A news service for the people of Michigan from the Mackinac Center for Public Policy

Protecting one's property rights can be a difficult endeavor due to the courts watering down both state and federal constitutional protections. That fight becomes even more difficult when the Michigan Department of Environmental Quality is allowed to hide evidence without serious consequence.

The trial court held an evidentiary hearing about this late production and found “MDEQ had intentionally withheld evidence and that the MDEQ made no attempt to provide the evidence in a timely manner.”

According to the Michigan Court of Appeals opinion in Seba v. Department of Environmental Quality that was issued on Sept. 29, 2009, Waad F. Seba bought 12 acres of vacant land in Oakland County in 1997. He tried to ascertain whether there were wetlands on his property and began to fill a portion of it that he claimed had been previously filled. Seba was served a cease-and-desist order by the DEQ, which led him to file an inverse condemnation claim. After a bench trial that ended in the DEQ's favor, the DEQ produced a file regarding the previous owner of the property. The appellate court noted:

The file included over 40 documents which showed that significant filling activity had occurred on the property almost ten years before plaintiff purchased it. The MDEQ had failed to produce the file during the litigation despite discovery requests by plaintiff that would have encompassed the file.

The trial court held an evidentiary hearing about this late production and found "MDEQ had intentionally withheld evidence and that the MDEQ made no attempt to provide the evidence in a timely manner" and while granting attorney fees and costs to Seba and holding that MDEQ could not claim the filled areas were wetlands, the trial court stated the damages claim "sounds like a separate cause of action, not that I'm suggesting that." 

Seba did file a second suit seeking damages for the DEQ's improper activities, which was dismissed because a separate court held he should have filed an amended complaint and raised that claim in the earlier case.

The end result for Seba is that 12 years after he bought his property, he is finally certain that his filling of the property was legal, but he was not compensated for the 12 years his property lay dormant.
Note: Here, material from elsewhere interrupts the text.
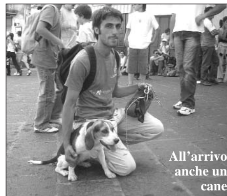
All'arrivo anche un cane

That extended time frame was in large part due to the DEQ's intentional withholding of evidence, and Seba has only had his attorney fees and cost paid, which would not have occurred in the first place if the DEQ had properly admitted the property could be filled.

Government has tremendous powers and financial resources to litigate and can often wear down property owners who lack the means to fight in court. Is it too much to ask that the government not cheat when it already has such advantages?